I’ve Created a Monster
My youngest is as sneaky about finding, reading, and re-re-re-re-reading graphic novels as my second girlie ever was, folks–which is why I’ve got to review A Sky of Paper Stars so that it can go back to the library and GET OUT OF MY HOUSE. (Otherwise she may never read anything else ever again.) I finished it a couple of weeks ago, but now that my oldest is officially done with it as well, it’s ready.

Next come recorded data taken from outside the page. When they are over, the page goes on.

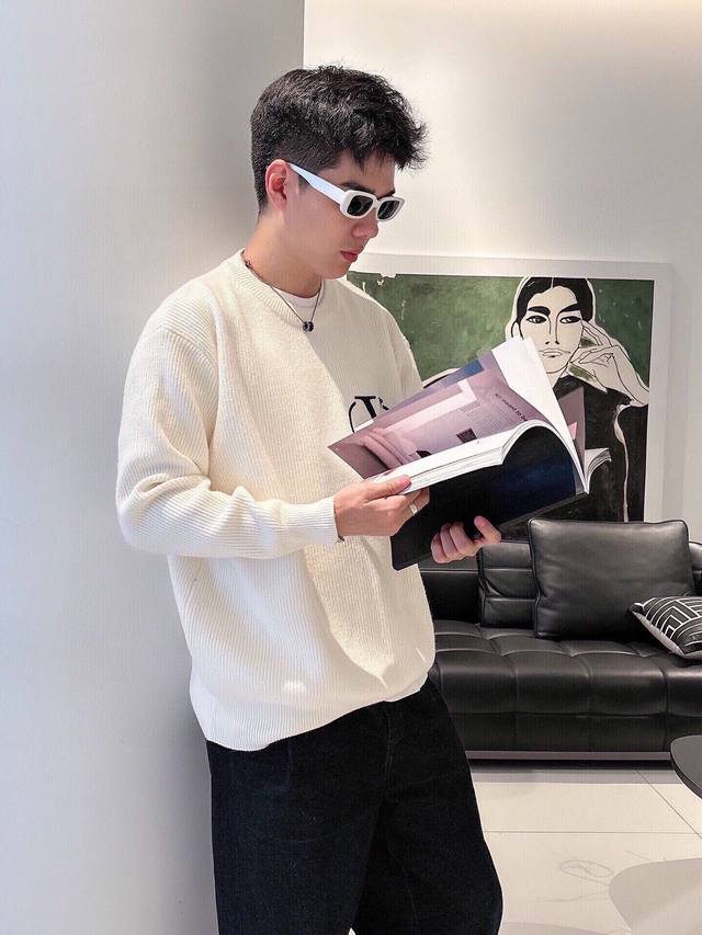 Vtaenlitn High-end custom-made new round neck knit sweater. Made with imported 7-needle machine knitting and wool yarn, this new season's main design is stunning in color, craftsmanship, and elements. High-quality workmanship with imported sweater fabric, excellent skin-friendliness, and impeccable details. Unisex style. Colors: Black, White. Sizes: M-3XL. Style Number: 8829
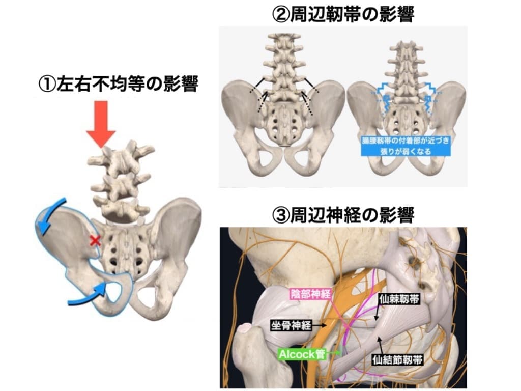 ・最初は腰部の神経障害から臀部の筋肉がこわばり、結果仙腸関節を離解させ、周囲靱帯の痛みが起こったケース
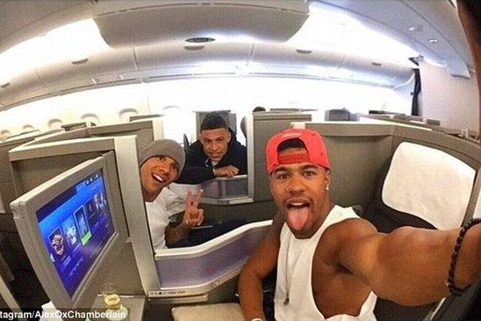Chamberlain took to his Instagram to post a photo of himself with his friends in a plane.
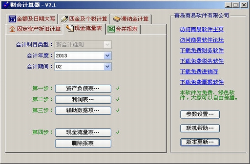 1、主要功能:金額及日期大寫、四金及個(gè)稅計(jì)算(養(yǎng)老保險(xiǎn)金、醫(yī)療保險(xiǎn)金、失業(yè)保險(xiǎn)金、住房公積金、個(gè)人所得稅)、滯納金計(jì)算 、固定資產(chǎn)凈殘值計(jì)算、固定資產(chǎn)折舊計(jì)算(平均年限法、工作量法、雙倍余額遞減法、年數(shù)總和法)、 現(xiàn)金流量表(可以在填寫資產(chǎn)負(fù)債表、利潤(rùn)表和輔助數(shù)據(jù)項(xiàng)之后,快速生成現(xiàn)金流量表。此外,還可以及時(shí)糾正錯(cuò)誤、自動(dòng)調(diào)平。)、合并報(bào)表(適用于對(duì)各種財(cái)務(wù)報(bào)表進(jìn)行合并)。
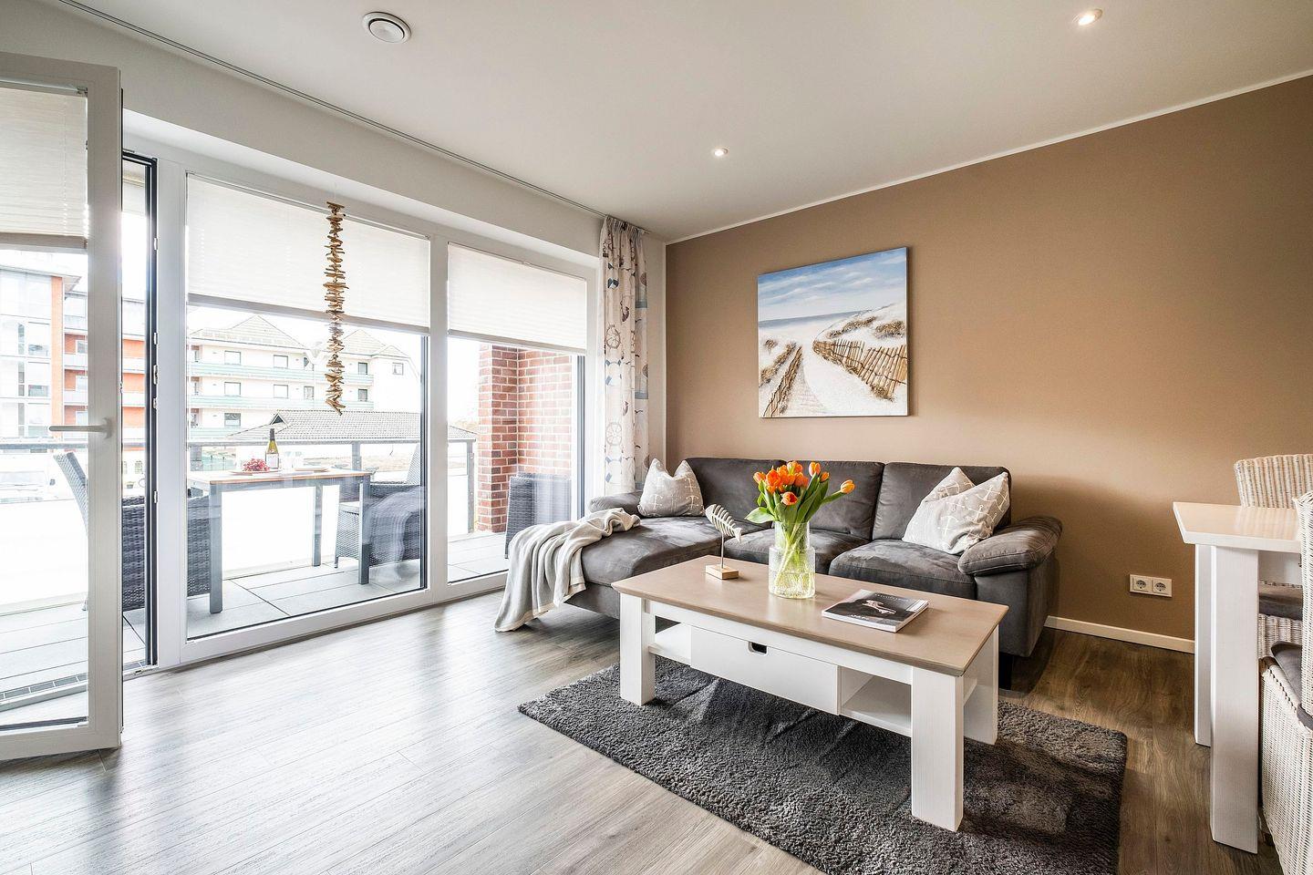 Nun gönnen Sie sich einen Schluck "Flaute" oder "Sturm" (Mineralwasser) & einen Happen "Marzipansprotten" und lassen Sie das maritim eingerichtete Wohnzimmer mit dem gemütlichen Sofa, der Schrankwand mit internetfähigem Fernseher, Blu-ray Player und HiFi-Anlage, der Essecke mit den bequemen Rattanstühlen und der offenen Kombüse mit den hochwertigen und zahlreichen Elektrogeräten sowie dem Blick auf das Bild „Nordsee“ auf sich wirken.
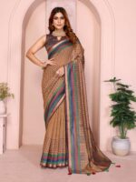 Add a vibrant touch to your wardrobe with this Mustard Brown Geometric Black Chanderi Saree. Featuring a rich mustard-brown base adorned with delicate multicolor polka dot digital prints, this saree exudes both sophistication and contemporary style.
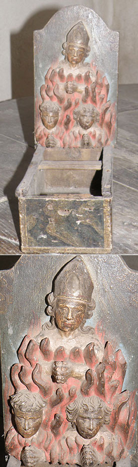 Esta imaxe é ben insólita e estimulante para o reclamo de librarse do xuízo final, exhibindo a un prelado na fogueira eterna. Unha icona desta categoría non se repite nesas caixas, ou cepillos, que cada igrexa ten. Estamos a falar dunha peza sinxela, moi ben concibida e lograda por un escultor anónimo, quizais do entorno rural ribeirao e, mais que de conceptos estéticos percibía a psicoloxía dos labregos e buscou a imaxe certa para impactalos.
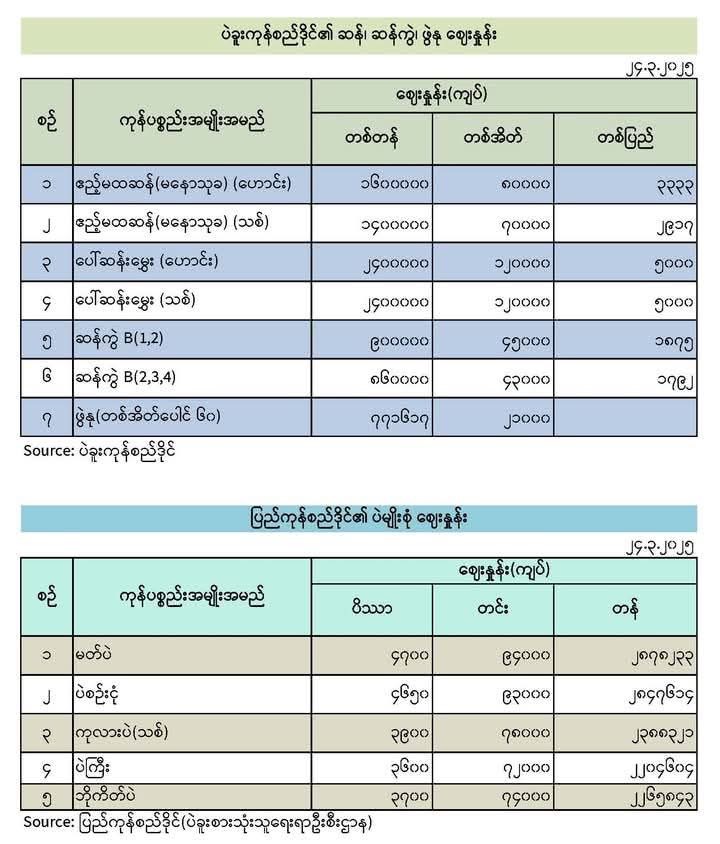 ပဲခူးကုန်စည်ဒိုင်၊ ပြည်ကုန်စည်ဒိုင်တို့၏ (၂၄.၃.၂၀၂၅)ရက်နေ့ ဆန်နှင့်ပဲမျိုးစုံဈေးနှုန်းများ
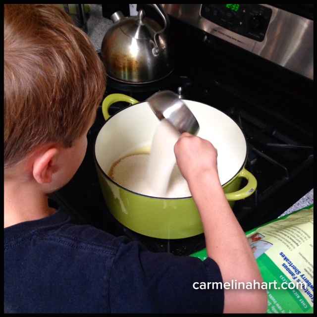 Step 4 – While you prep, your child can measure out the other ingredients and add them to the pot. Place the pot on the stove over low heat and add the peeled fruit. Cook on low heat and stir occasionally. Just remember low and slow, low and slow.
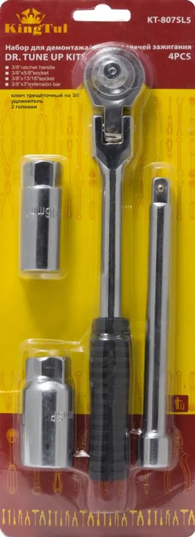 Набор инструментов для свечей зажигания 4 пр., 3/8'', 16 мм, 21 мм, удлинитель-150 мм, трещотка шарнирная-225 мм, KINGTUL KT-807SL5
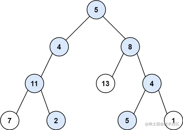输入:root = [5,4,8,11,null,13,4,7,2,null,null,5,1], targetSum = 22
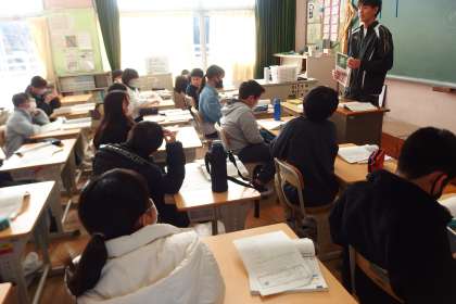 学習発表会の準備をしている6年生です。 GAKUSHUU HAPPYOUKAI NO RENSHUU
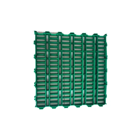 Light weight. More convenient to transport and install. Corrosion resistant. More durable than wooden, bamboo and cast iron (fragile) materials in the environment with higher humidity. Small temperature difference. The temperature difference between day and night of plastic floors is smaller than that of cast iron, so it can avoid cold or scald due to large temperature difference and is beneficial to the health of livestock. Easy to wash with good fecal leakage effect. The fecal leakage hole is long, not jammed and easy to clean. The arched design with two rows of double ribs and lateral fecal leakage holes making the fecal leakage effect much better. It is made without cracks so and can be flushed with the high-pressure water jet of washing machine easily. Easy to install or remove. The slots on both sides of the floors make the installation or removal more convenient for the seamlessly connection in a zigzag pattern. Anti-falling. The surface of the floors is frosted to increase the contact area and the friction, thereby preventing animals from falling and hurting. Strong bearing capacity. The experiment test shows the bearing capacity is no less than 180kg/m2.
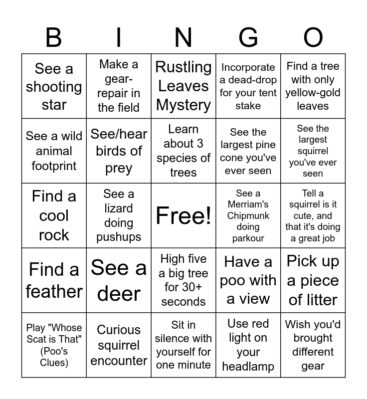 This bingo card has a free space and 39 words: Find some scat, Pack the 10 essentials, See the Big Dipper, See/hear birds of prey, Play "Whose Scat is That" (Poo's Clues), High five a big tree for 30+ seconds, Learn about 3 species of trees, Forget a piece of gear, Find a tree with only yellow-gold leaves, Find a feather, See a lizard doing pushups, Incorporate a dead-drop for your tent stake, Wish you'd brought different gear, Tell a squirrel is it cute, and that it's doing a great job, See a Merriam's Chipmunk doing parkour, See a deer, Nick talks about fungi for 5+ minutes, See a shooting star, See sunrise, Have a poo with a view, See a wild animal footprint, Sit in silence with yourself for one minute, See the largest pine cone you've ever seen, See the largest squirrel you've ever seen, Find the perfect crimson leaf, Submit your perfect acorn to the Perfect Acorn contest, See the PCT logo on a 4x4 post, Get your bear-hang on the first try, Turn off your phone, Make a gear-repair in the field, Say "hello" to a passing hiker (not in our group), Catch the Beautiful and Scenic Hemet vista, Rustling Leaves Mystery, Curious squirrel encounter, Use red light on your headlamp, Find your location on your trail map, Pick up a piece of litter, Find a cool rock and Drink some electrolytes.
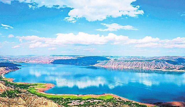 炳靈湖 雄偉的劉家峽大壩阻斷黃河,在永靖境內(nèi)聚成了一座高峽平湖。因這座湖毗鄰炳靈寺石窟和雄奇險(xiǎn)秀的炳靈石林,故稱其為炳靈湖。整個(gè)湖水,在夏秋季呈綠色,就像一塊翡翠鑲嵌在群山之中,散發(fā)著耀眼的光芒,夏秋呈翡翠色,冬春呈藍(lán)色,由于水質(zhì)清澈,群山倒映水中,水天一色,加之湖面廣闊無垠,看上去平靜如海。但每當(dāng)劉家峽水庫泄洪的時(shí)候,磅礴的氣勢(shì)猶如蛟龍出水,翻江倒海,氣沖云天。
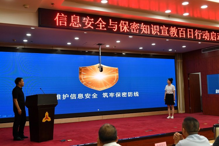 在全體與會人員的見證下,郭志遠(yuǎn)副行長按下啟動鍵,點亮百日行動“安全盾牌”,正式宣布忻州市銀行業(yè)金融機(jī)構(gòu)“信息安全與保密知識宣教百日行動”全面開啟。
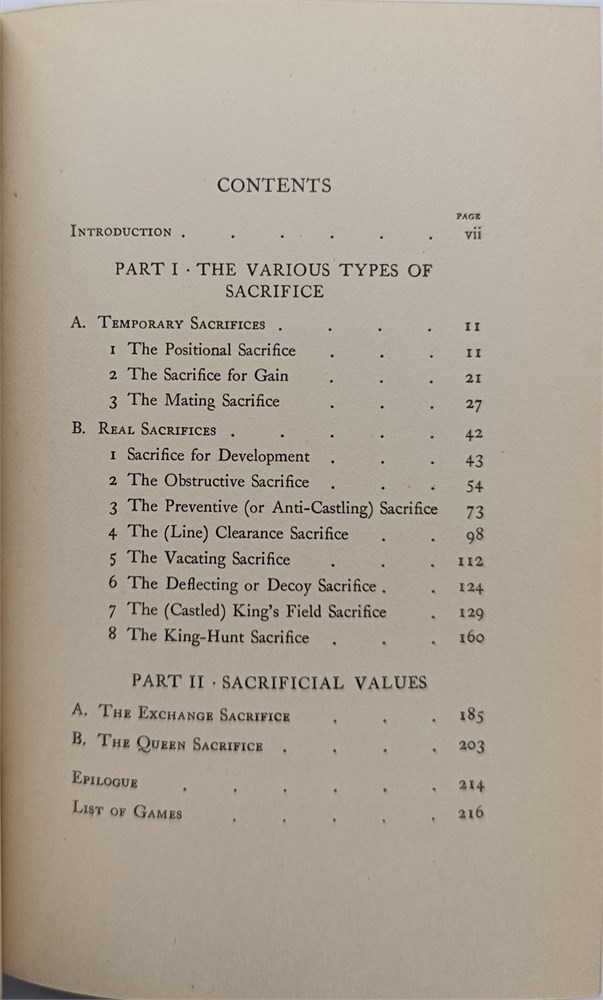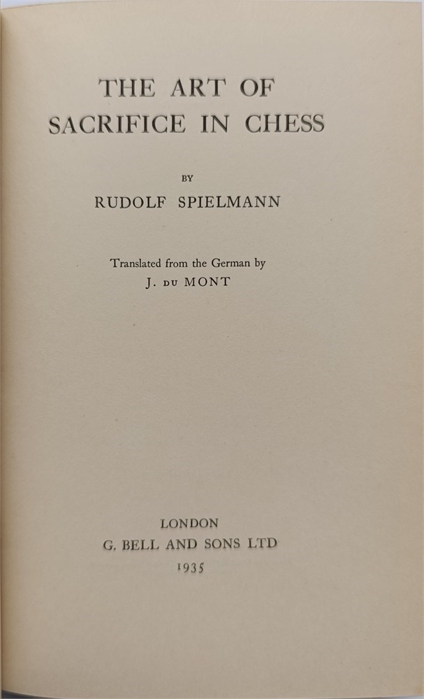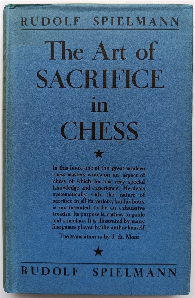 Spielmann, Rudolf. The Art of Sacrifice in Chess. Translated from the German by J. du Mont. London, Bell, 1935. In English. IX, 215 pages. Original cloth binding with gilt lettering on the spine, with dust jacket. LN 1628. Betts 19 - 6.

Why my youngest is so taken with it is actually a bit of a mystery to me. Yuna was born in the US, but her parents are Korean, and she’s tired of feeling different–she doesn’t have a phone, isn’t allowed to go to sleepovers, and always has Korean food in her lunches. Her halmoni (grandmother) told her years ago that if she gathered a thousand paper stars together in a jar, she could make a wish on them and it would come true; the morning after she makes her wish, however, she learns that her halmoni has died, and Yuna is certain that her wish is the cause. Can she take it back? To make matters worse, when she and her family are in Korea for the funeral, she realizes that she doesn’t feel like she belongs there, either. I don’t think my youngest is terribly different from her friends, but she is the youngest–the youngest grandchild on both sides, even–and she’s hyper-sensitive about anything she’s not old enough or big enough to do. She’s also prone to emotional outbursts followed by self-recrimination, so perhaps she does feel a kinship with Yuna.
Hmmmm.
In the meantime, I feel like kids with immigrant parents may relate best to this story, but perhaps those who’ve lost a grandparent (or more than one) will as well. My 14-year-old didn’t love it (although of course she read it, because graphic novel), but I’m not sure my 8-year-old even knows how many times she’s been through it at this point. Do with that what you will.